Just to clarify... the "VSYNC command stuff" is holding the VSYNC bit high
for three scanlines worth of time.  Then, you have 37 scanlines worth of
time (2812 CPU cycles, around 800-1000 assembly instructions) before the
electron beam gets to the visible area of the TV screen.  During those
2812 cycles is where most game logic usually happens.

>      (Deep breath.)  This is where I hit the wall.  The computer needs
> to keep track of, among other things, what all the cards are in the
> deck of cards, the discard deck, the four stacks you start with the
> aces, and the seven stacks you start the game with.  Take the last
> stack, the one with seven cards, one up, six down at the start.  I'm
> thinking I'll need a pair of memory cells for each card, one to tell
> the denomination, the other to tell what suit it is.  That's twelve for

"Memory cells"?  You're way too high-level here, boy.  In 2600-land, we
have bits and bytes.  Nothin' else. :)  And one byte (256 possible values)
is plenty to keep track of one card (52 possible values).. you don't need
two "cells" for it.

> the face down cards so far.  I would also need at least another
> twenty-four for the face up cards, assuming there is a King on top and
> the person keeps building off of it until he hits a two--an Ace would
> have to be moved up to the top, it can't be placed on the stack. 
> That's 210 memory locations so far, since you can never tell which
> stack will be empty so a King can be placed there.  I suppose the
> stacks at the top would be a little easier to manage.  I image one
> memory cell to denote the suit, and then another thirteen cells for
> each stack.  Since the cards in the discard deck never change order, I
> would probably set up forty-eight memory cells for twenty-four cards
> and their suits.

You're thinking too physically.  Compress it into _exactly_ what the
computer needs to keep track of.  One byte (actually one nibble (4 bits))
is all you need for each top stack - the computer only needs to keep track
of the *highest* card on each stack; the lower cards may as well not
exist.  Similarly, you can cheat with the face-down stacks.  Just keep an
array of "cards yet to be seen".. whenever the player flips one over, pull
a card out of that array.  That'll be transparent to the player and
require less storage space.  Carrying this further yet, for each of the
face-up stacks, you only need to keep track of the value and suit of the
*highest* card on the stack and only the *suit* for the others, since the
value of any lower card is determined by the card it's on.
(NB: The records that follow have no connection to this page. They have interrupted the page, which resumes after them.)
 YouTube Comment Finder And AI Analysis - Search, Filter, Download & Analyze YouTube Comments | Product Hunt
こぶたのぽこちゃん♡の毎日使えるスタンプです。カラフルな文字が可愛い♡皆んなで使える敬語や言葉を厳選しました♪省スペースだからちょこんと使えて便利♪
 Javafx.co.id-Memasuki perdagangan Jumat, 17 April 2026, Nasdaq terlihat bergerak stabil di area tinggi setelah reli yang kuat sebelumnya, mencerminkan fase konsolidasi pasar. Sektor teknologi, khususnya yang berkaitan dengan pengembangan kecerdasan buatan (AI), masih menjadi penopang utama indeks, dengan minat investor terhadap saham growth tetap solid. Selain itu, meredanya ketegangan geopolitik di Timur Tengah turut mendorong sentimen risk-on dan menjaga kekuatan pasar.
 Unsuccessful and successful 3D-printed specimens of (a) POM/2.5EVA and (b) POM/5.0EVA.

So I count total memory requirements of 24 bytes for the deck, 21 bytes
for "cards yet to be seen", 6 bytes to keep track of how many cards in
each face-down stack (could be 3 if you use nibbles instead of bytes), 4
bytes for the foundations (could be 2 with nibbles), and for the face-up
stacks, one byte for the top card, one byte for the number of cards, and 3
bytes to hold the suits of all lower cards (you only need 2 bits per card
to hold the suit.  Counting carefully, that even allows aces to be on
face-up stacks.)  5 bytes * 7 stacks = 35 bytes for the face-up stacks. 
Grand total to keep track of the deck: 90 (could be 85) bytes, well within
the 2600's 128 bytes and leaves you plenty of room for scratch space for
the pointer, the "move" stack, and so on.
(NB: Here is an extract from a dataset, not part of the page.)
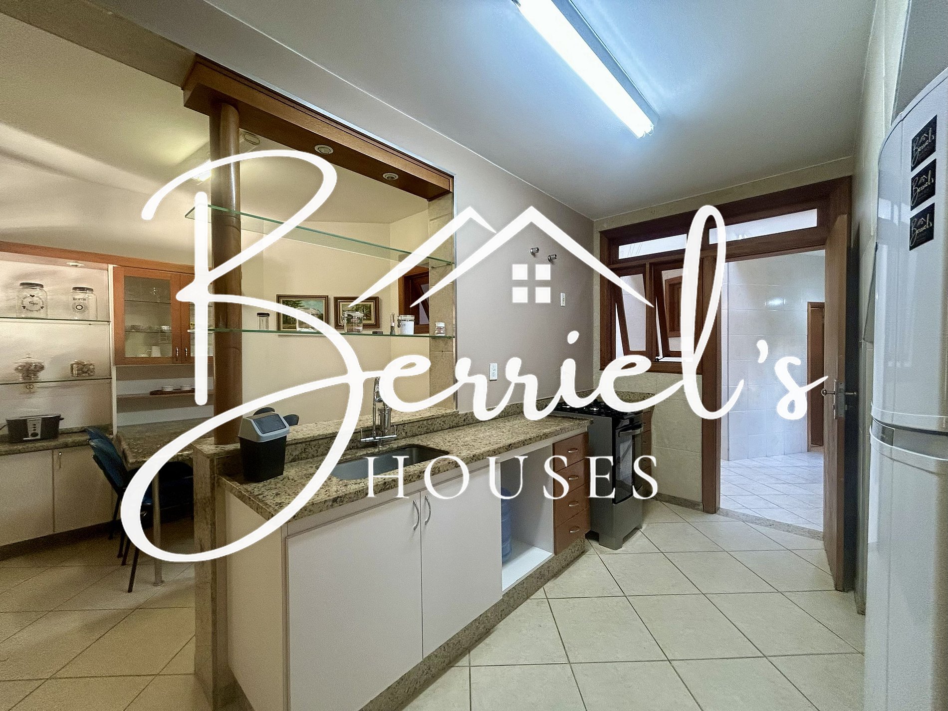 * Geladeira * Fogão 4 bocas com forno * Microondas * Cafeteira elétrica comum * Liquidificador * Torradeira * Sanduicheira * Utensílios diversos para preparar e servir refeições. *Mesa para 4 pessoas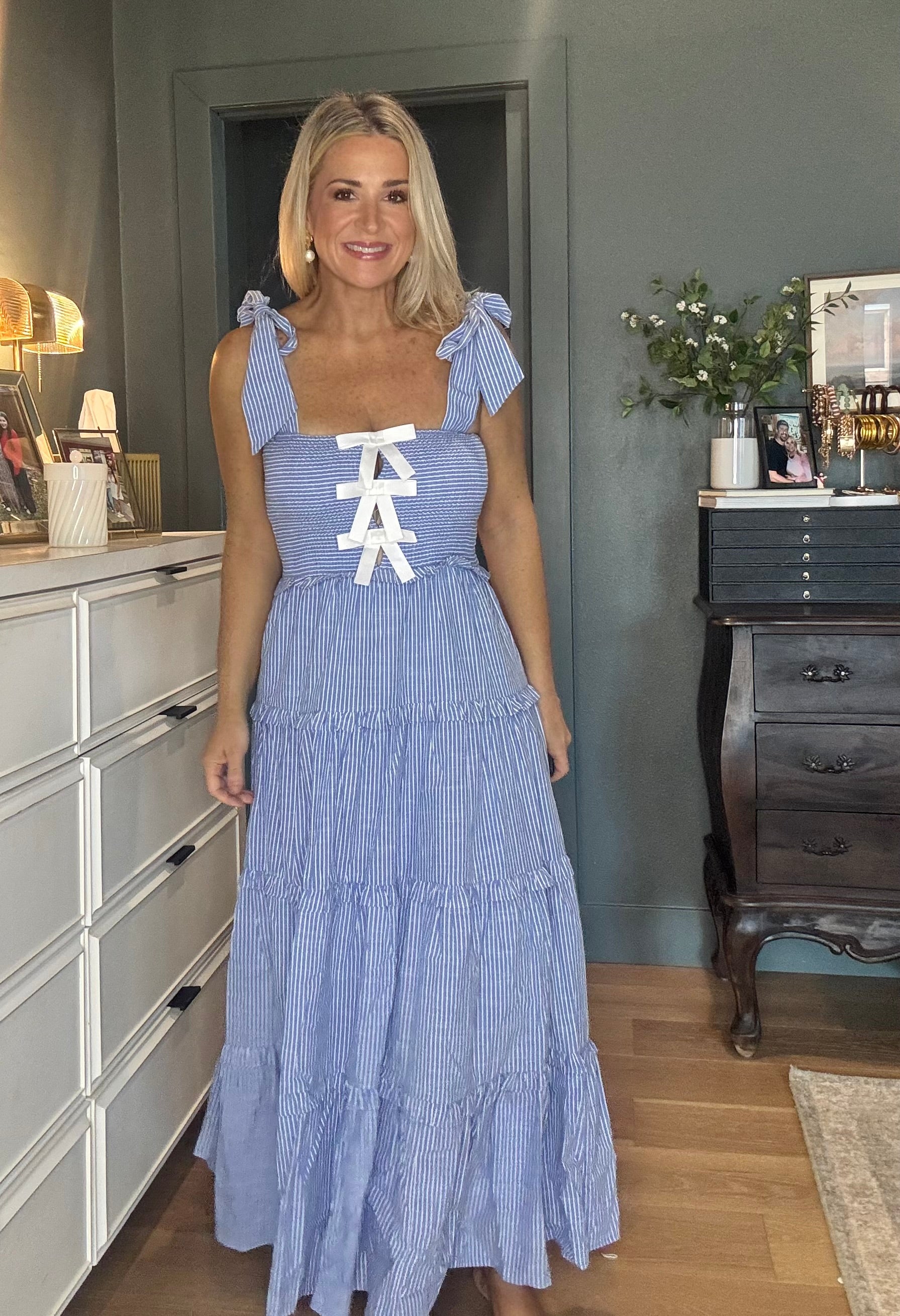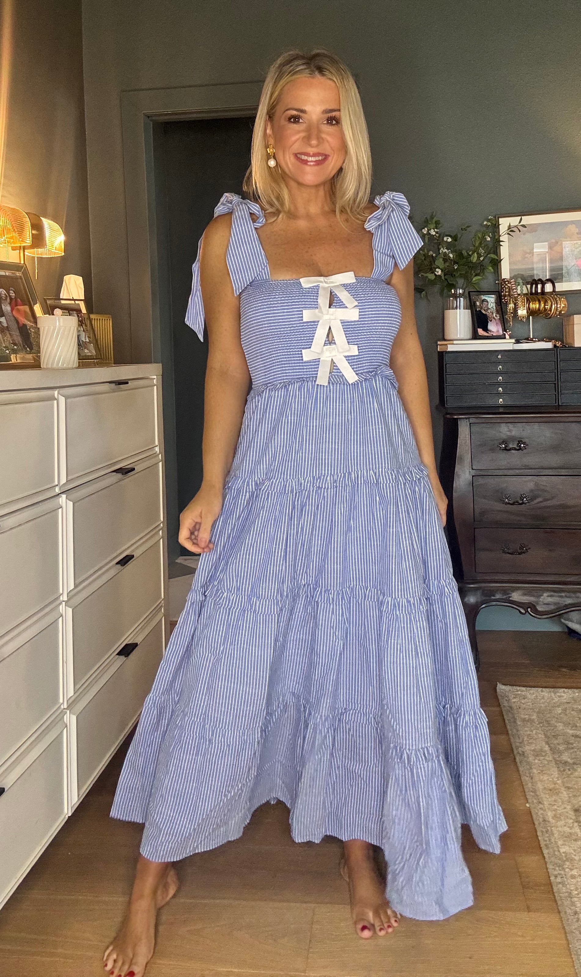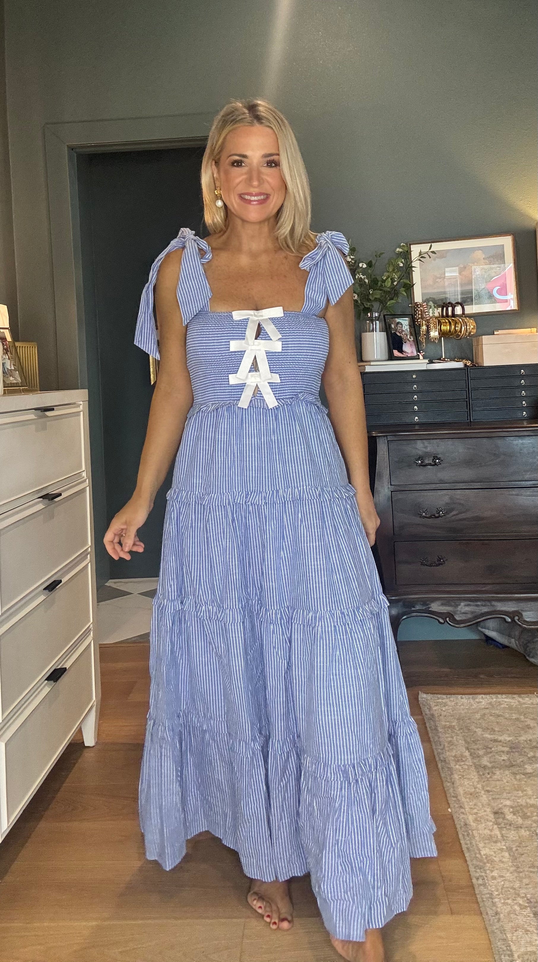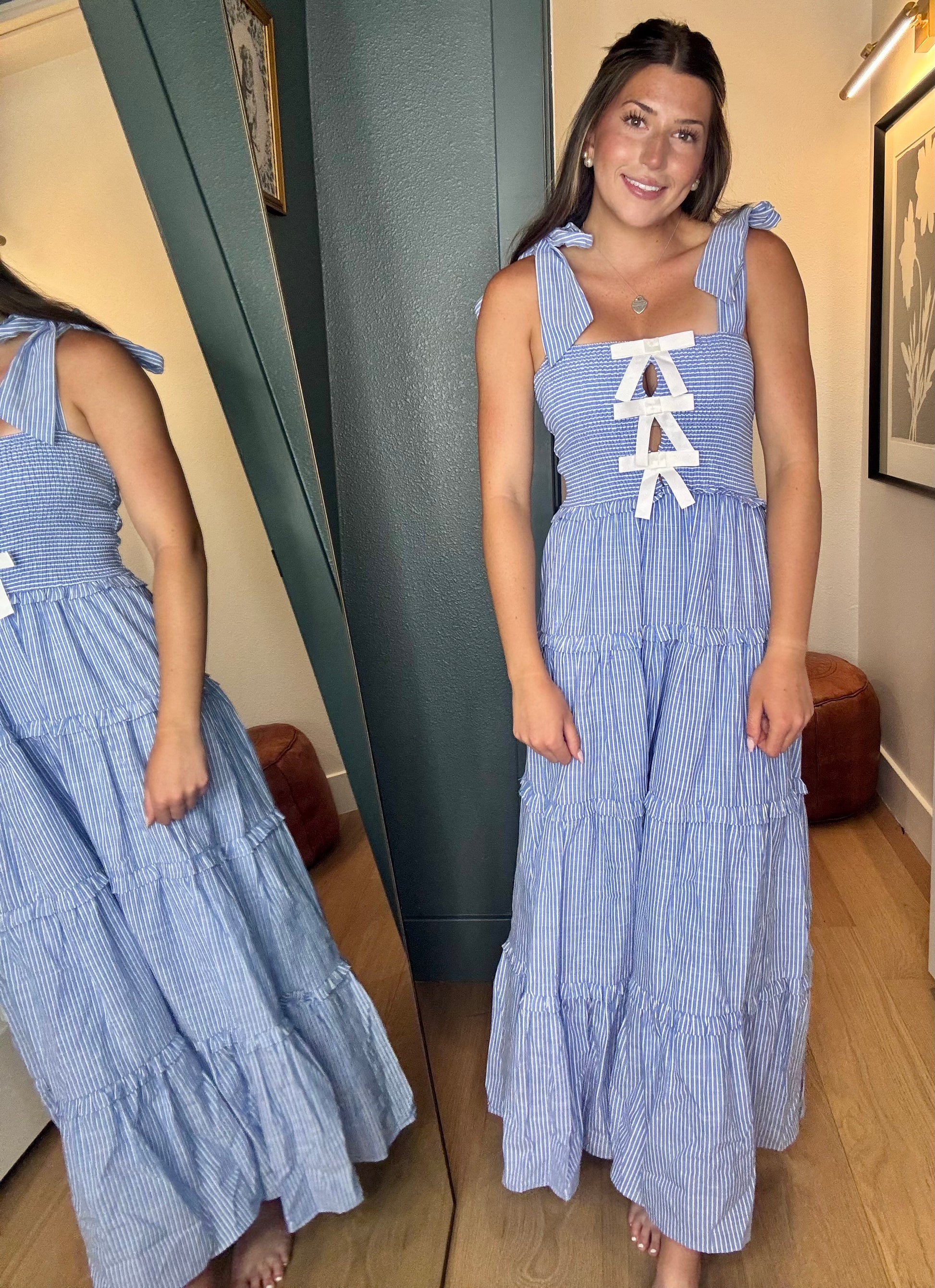 Striped Tiered Midi Dress -Rushed Midi Dress -Light and Airy Striped Fabric -Square Neckline -Tie Shoulder Straps -3 Bow Details -Ruffle Tiered Midi Skirt -Aline -Easy Pull on style

>      I'm wondering if this is too much to put in that space of time
> between when the computer starts the VBLANK and it hits the imagery
> seen on TV.

Not if you code it efficiently.  Loops are the big killer of CPU time
here... without many big loops, you'll fill the 4k of ROM before you fill
the 2812 cycles of CPU time.  And this logic doesn't look like it needs
much looping.  But Columns on the other hand...

>      That's the problem for Solitaire, and it gets more complicated
> with a game like Columns.  To make a long idea short, I am envisioning
> a series of 208 registers,  two spots for each square in the 8 by 13
> well.  One of the pair would tell if there is a jewel there, the other
> will denote it's color.  Since the idea is to match the colors in three

Again, quit it with the "spots" and separate present/color storage.  Each
location could be described in three bits, which would be 8 possible
values - zero means empty, six values for colors.  To make the code a lot
simpler, though, I'd go ahead and use one nibble per square, so you'd have
one bit for present or not and three bits for colors.
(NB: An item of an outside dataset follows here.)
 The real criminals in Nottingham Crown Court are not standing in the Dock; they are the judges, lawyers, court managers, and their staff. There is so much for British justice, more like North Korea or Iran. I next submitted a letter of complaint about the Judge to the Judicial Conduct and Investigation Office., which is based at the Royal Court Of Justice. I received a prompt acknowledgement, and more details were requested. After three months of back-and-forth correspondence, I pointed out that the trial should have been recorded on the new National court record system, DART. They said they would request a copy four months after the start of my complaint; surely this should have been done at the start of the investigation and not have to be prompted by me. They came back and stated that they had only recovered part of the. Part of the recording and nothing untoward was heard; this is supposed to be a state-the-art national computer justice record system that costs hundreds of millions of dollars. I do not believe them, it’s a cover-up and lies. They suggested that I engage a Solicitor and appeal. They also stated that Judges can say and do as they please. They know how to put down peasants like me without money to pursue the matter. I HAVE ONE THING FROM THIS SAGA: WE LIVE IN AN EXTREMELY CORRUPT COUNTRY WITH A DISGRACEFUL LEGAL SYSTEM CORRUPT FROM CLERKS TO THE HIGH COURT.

BTW, I thought Columns was 6-wide, not 8... but either way 128 bytes of
RAM is still enough if you use one nibble per square.

> in a row or more, all I can imagine is the computer comparing each
[snip game logic]

Again, cheat and don't do unnecessary work.  Whenever the player drops a
piece, you only need to check for lines formed by the pieces that just
dropped.  3 squares times 8 directions means you have probably 80-100
cycles per square/direction and still fit in VBLANK, which should be
enough.  (remember that you'll never have to go more than 2 squares in any
direction)

> jewels fall to fill in the holes.
>      I'm having trouble seeing how to make this work for the Atari
> without slowing it down, screwing up the count, whatever.  Is this the

However, here, you do need to check the entire screen for combinations,
which probably wouldn't be doable within VBLANK.  So, here's another
trick.  When the player completes a group of three, make the group flash
and disappear or whatever, then *don't draw the next frame*.  Just make
the entire screen flash white for a frame, and use that time to look for
combinations.  If that's not enough, do it for two or three frames
instead.  It'll make for a pretty neat effect, actually.  The NES uses
this trick in light-gun games - when you pull the trigger, it draws an
entire frame of white while looking for the light-gun position.
Clever, no?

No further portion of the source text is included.